TEARS trickled down Ndaba Ntsele’s cheeks last Friday night as he recalled how he had survived from day to day as a young entrepreneur.   Today he runs a business worth more than R2bn.   He is CEO of Pamodzi Holdings, one of the bigger black economic empowerment (BEE) players.

He was being honoured by the Greater Soweto Business Forum for his achievements, the latest being his election as president of the Black Business Council (BBC).   A plea from local business leader Richard Sishuba to tackle the miserable circumstances of township entrepreneurs set the mood for the evening.   Sishuba emphasised that the BBC should ensure that government programmes lift township businesses to higher levels.   He referred to the hawkers just a few streets away that simply cannot make ends meet.   This struck a chord with Ntsele and tears ran down his cheeks as he recalled that he was born two streets away from where the event was held.   It was here that his father and other blacks owned businesses, having started them from scratch.

The government of the day decreed Kliptown a coloured area and blacks were moved to Soweto.   The Ntsele family went to Orlando West — minus their businesses.   But, entrepreneurs that they were, they started new businesses and Ndaba is thus a chip off the old block.   This former traffic policeman and township superintendent’s journey started three decades ago when his small business sold odds and ends.   Ntsele was also one of the young Soweto business people to learn from township business pioneer Richard Maponya, and he drank deep from his experiences.
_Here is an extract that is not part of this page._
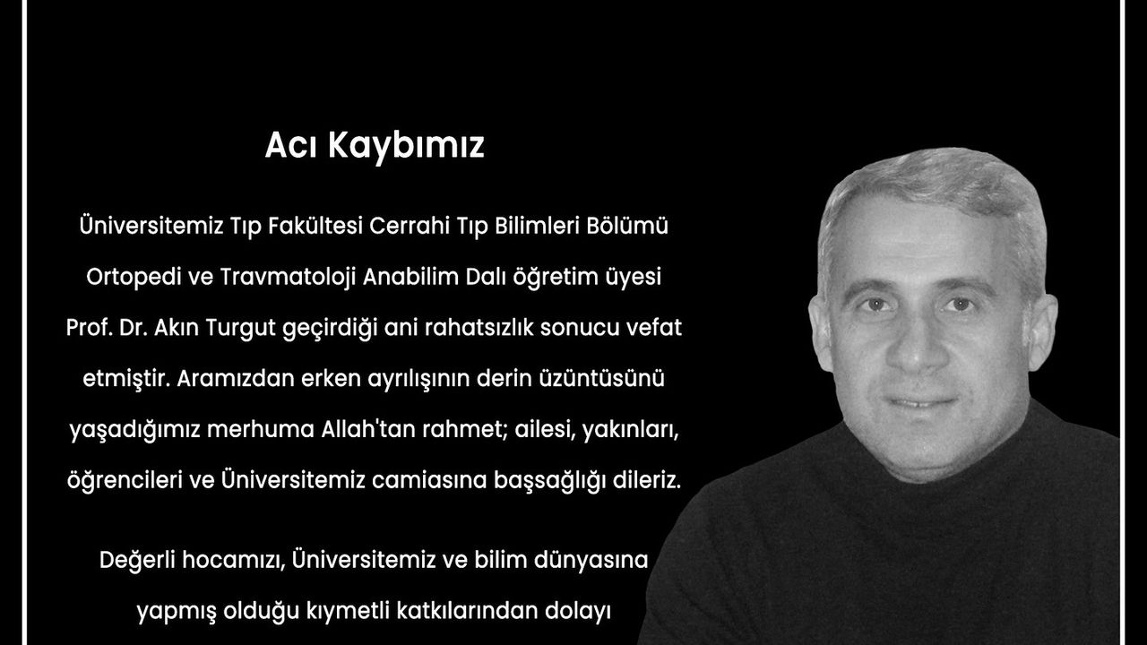 Geçirdiği ani rahatsızlık nedeniyle hayatını kaybeden Prof. Dr. Akın Turgut için görev yaptığı Eskişehir Osmangazi Üniversitesi Tıp Fakültesi Hastanesi’nden taziye mesajı yayınlandı.

He rightfully argues that enterprise development must be the cornerstone of black economic development.   He admits that Pamodzi benefited from the ownership leg of broad-based BEE as it bought into a number of corporations.   But, he maintains, enterprise development is the most solid as its graduates have been hardened by reality.   This is the route that the BBC will be forging and it will soon announce a major enterprise programme with the Department of Trade and Industry.   A number of experts are now hammering this initiative into shape.

Friday night was also an evening in which Soweto business accepted that it holds the key to the area’s socioeconomic revival.   For once, there was no reference to what national, provincial or local government is doing or not doing.   The expectations in black communities about what the government should be doing for them are frightening.   The ruling party is to blame for this as it cultivated this entitlement syndrome.   While it made sense in 1994 for the African National Congress, straight from the liberation struggle, to assure the black community that things were going to change, it went overboard and virtually recreated itself as the sole provider of everything, including jobs.   Fortunately, the penny is now dropping that this is not possible.